Best: Loss = 0.001460216869, Epoch = 879
2016-08-14 05:58:27 :: ----- test1 -----
[====================]Top-1 Precision: 0.564444
MRR: 0.680506
2016-08-14 06:17:06 :: ----- test2 -----
[====================]Top-1 Precision: 0.543333
MRR: 0.661070
2016-08-14 06:35:26 :: ----- dev -----
[====================]Top-1 Precision: 0.573000
MRR: 0.685989

after training for about 4-5 days on my 980ti. I can see how after enough iterations you could get up to ~60-70%, but my GPU would take way too long...

eshijia commented 7 years ago

Sounds great! I would like to follow your training progress. The duration of one epoch with the CNNLSTM model is 490s. It will take about 17 days to complete 3000 epochs. My GPU device is Tesla K20c. By the way, I think another important thing is to let the code fit the latest keras version :)

wailoktam commented 7 years ago

@eshijia Hi, is 3000 epoch enough? I think you mention 20000000 batches. I assume you did not touch the default batch size 128? 3000 x 128 is 38400. Or do I get the idea of batches wrong?

codekansas commented 7 years ago

17 days seems slow for that GPU? I wonder if it is slow for some reason (maybe it's running on the CPU instead of the GPU?) But 3000 epochs * 16686 samples per epoch is 50,058,000 samples, where as the other script it was 20,000,000 * 128 or 2,560,000,000 samples. On my GPU (980ti) it will take ~6.4 days to train 3000 epochs, it would take nearly a year to train as many samples as their model used on my GPU.

Also, I found a big difference in training while using different optimizers. I think the Adadelta optimizer works well, RMSprop was overfitting a lot.

eshijia commented 7 years ago

It is really running on GPU. There are four GPU devices (K20c) in my server, and each of them always runs different tasks at the same time. I can see that the GPU-Util of the device used to run this task is 96% with the command nvidia-smi. I don't understand why it is running slow.

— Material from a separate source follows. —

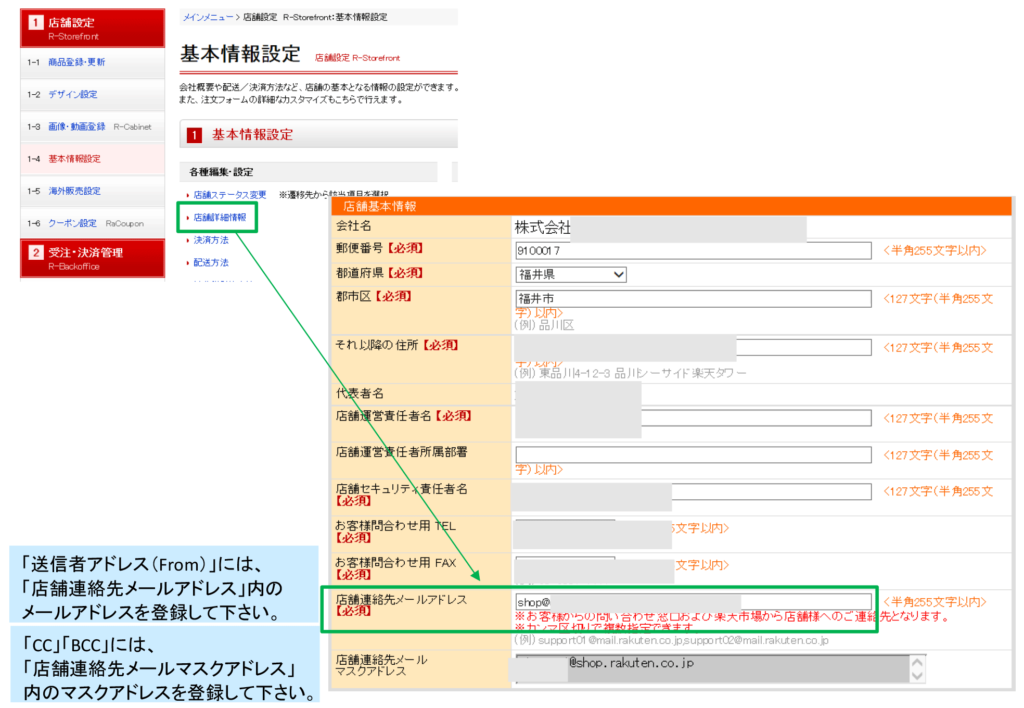 | 送信者アドレス(From)・ 送信者のお名前 | 送信元のアドレスと、送信者の名前を設定します。 (「送信者のお名前」が未入力の場合は、ショップ名で送信されます) ●対象店舗が【全店共通】で、各店舗ごとに送信元のアドレスを変更したい場合 こちらの項目に共通のメールアドレスを設定したうえで、各店舗の店舗設定より メールアドレスをそれぞれ設定してください。 (「店舗設定」⇒「店舗情報タブ」内の「送信者アドレス(From)」) ※次ページ画像参照 ●楽天店のメールアドレスを設定する場合 RMSの店舗詳細設定内「店舗連絡先メールアドレス」に登録済みのメールアドレスを 設定してください。 ※楽天のマスクアドレス(@shop.rakuten.co.jp)は使用できません。 ※次ページ画像参照 |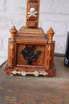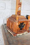 antique XL 110 cm lenght Wall wood carved chapelwith glass windows door opens on frontsidei think there was...

eshijia commented 7 years ago

I think my Tesla GPU is really old. The configuration is not up to 980ti.

eshijia commented 7 years ago

@wailoktam Could you share how you change the training part to make sure the bad answers are really bad answers?

wailoktam commented 7 years ago

My pleasure.

        save_every = self.params.get('save_every', None)
        batch_size = self.params.get('batch_size', 128)
        nb_epoch = self.params.get('nb_epoch', 10)
        split = self.params.get('validation_split', 0)
training_set = self.load('train')

questions = list()
good_answers = list()

for q in training_set:
    questions += [q['question']] * len(q['answers'])
    good_answers += [self.answers[i] for i in q['answers']]

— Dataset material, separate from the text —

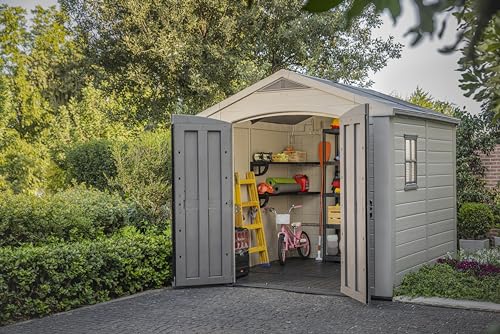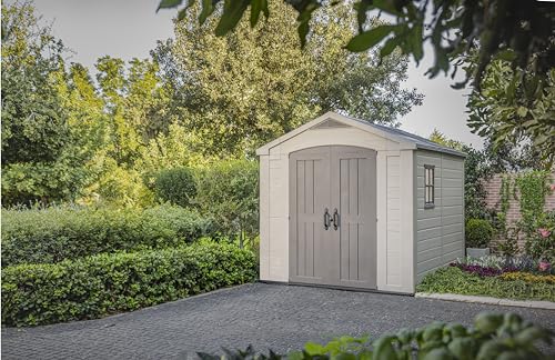 Keter Factor (8x6 ft) Large Resin Outdoor Storage Shed for Patio Furniture, Lawn Mower, Garden Accessories Yard Tools, and Pool Toys, Taupe

questions = self.padq(questions)
good_answers = self.pada(good_answers)

val_loss = {'loss': 1., 'epoch': 0}

for i in range(1, nb_epoch):

    bad_answers = self.pada(random.sample(self.answers.values(), len(good_answers)))
    fixed_bads = np.empty((0, 100), int)
    qCounter = 0

    for (gs, bs) in zip(good_answers, bad_answers):
        print ("bad answer shape")
        print (bs.shape)
        print("fixed bad shape")
        print (fixed_bads.shape)

        if not (gs == bs).all():

            fixed_bads = np.append(fixed_bads, [bs], axis=0)

        else:

            fixed_bads = np.append(fixed_bads, self.pada(random.sample(self.answers.values(), 1)), axis=0)

        qCounter += 1

    print('Epoch %d :: ' % i, end='')
    bad_answers = fixed_bads
    self.print_time()

    print('Epoch %d :: ' % i, end='')
    self.print_time()
    hist = model.fit([questions, good_answers, bad_answers], nb_epoch=1, batch_size=batch_size,
                     validation_split=split)

    if hist.history['val_loss'][0] < val_loss['loss']:
        val_loss = {'loss': hist.history['val_loss'][0], 'epoch': i}
    print('Best: Loss = {}, Epoch = {}'.format(val_loss['loss'], val_loss['epoch']))

    if save_every is not None and i % save_every == 0:
        self.save_epoch(model, i)

return val_loss
wailoktam commented 7 years ago

I think I can also share the version2 insurance data and Japanese wiki data, which I have structured in a way to be used for this great work of codekansas. However, I am running them without pretrained word2vec weights. The reason is that the program complains about the different size of vocabularies. As you guys can tell, without the pretrained weights, it will even take longer time to get the 70% claimed.

eshijia commented 7 years ago

I have tried to train about 3000 epochs for the CNNLSTM model, and the loss is stable at about 0.0013. The test results are just same as @codekansas mentioned above.

2016-08-25 02:48:36 :: ----- test1 -----
[====================]Top-1 Precision: 0.571667
MRR: 0.684311
2016-08-25 03:25:51 :: ----- test2 -----
[====================]Top-1 Precision: 0.543333
MRR: 0.660048
2016-08-25 04:01:48 :: ----- dev -----
[====================]Top-1 Precision: 0.564000
MRR: 0.682626